= Anna Letycia Quadros =

Brazilian artist and educator (1929–2018)

Anna Letycia Quadros ( September 25, 1929 — October 30, 2018) was a Brazilian artist and educator.

She was born in Teresópolis and studied with Bustamante Sá at the Associação Brasileira de Desenho e Artes Visuais in Rio de Janeiro, with André Lhote, with Darel Valença Lins at the Escola Nacional de Belas Artes, with Iberê Camargo at the Instituto Municipal de Belas Artes in Bagé, with Oswaldo Goeldi at the Escolinha de Arte do Brasil in Rio de Janeiro and with Ivan Serpa. Quadros took part in the creation of the Grupo Frente with Serpa. In 1959, she attended a workshop at the Museum of Modern Art, Rio de Janeiro led by Edith Behring.

She taught engraving at the Museum of Modern Art in Rio de Janeiro from 1960 to 1966, where she especially studied engraving on metal also called metalcuts. She worked there with many other engravers who became also well-known, like Anna Bella Geiger and Ruth Bessoudo. She taught engraving in Santiago; in 1961, she was named an honorary professor at the Pontifical Catholic University of Chile. From 1977 to 1998, she taught an engraving workshop at the Museu do Ingá in Niterói. Quadros also worked as a scenery and costume designer for the stage, mainly with playwright Maria Clara Machado.

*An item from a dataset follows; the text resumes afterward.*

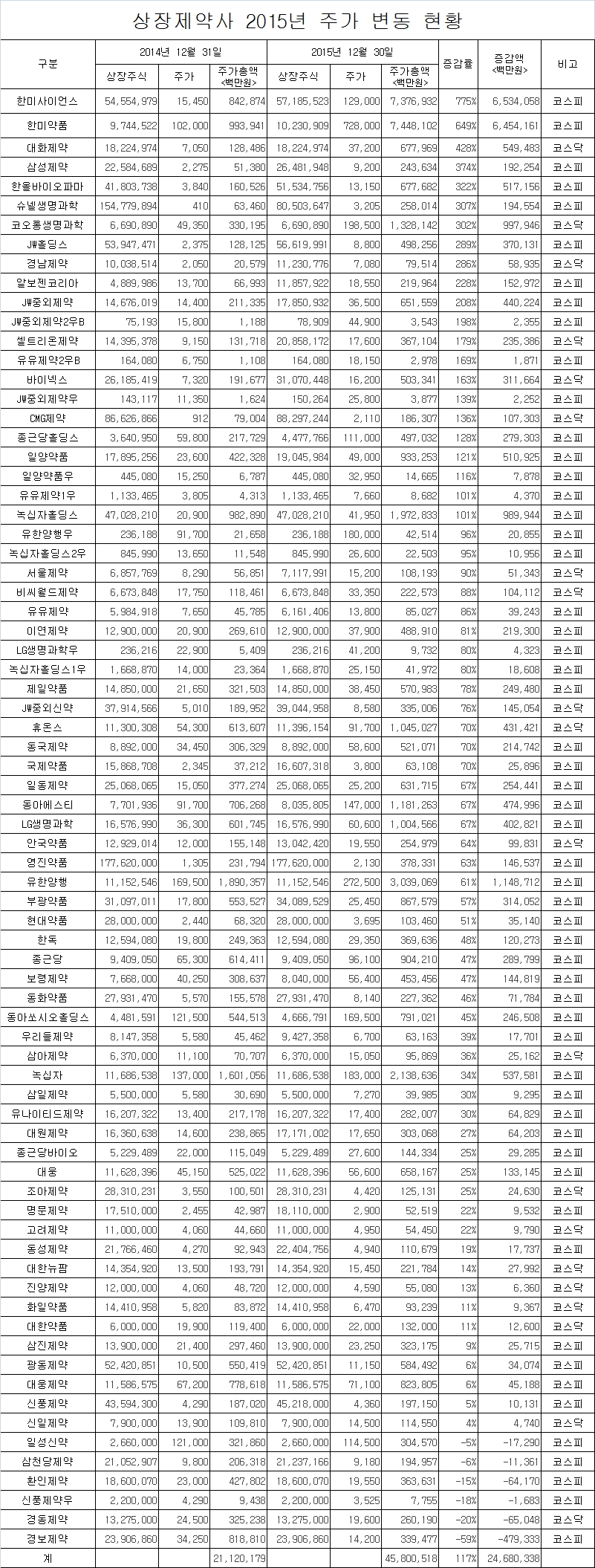 뒤를 이어 대화제약 428%, 삼성제약 374%, 한올바이오파마 322%, 슈넬생명과학 307%, 코오롱생명과학 302%, JW홀딩스 289%, 경남제약 286%, 알보젠코리아 228%,JW중외제약 208% 등 11사의 주가가 무려 200%이상 폭등했다.

Her work has appeared in both solo and group exhibitions in Brazil and internationally. She participated in the 1959 Paris Biennale and the 1962 Venice Biennale.

In 1998, Angela Ancora da Luz published the book Anna Letycia.

In 2012, the Museu Nacional de Belas Artes held a retrospective of her work.

==Death==
Anna Letycia Quadros died on October 30, 2018, in Rio de Janeiro.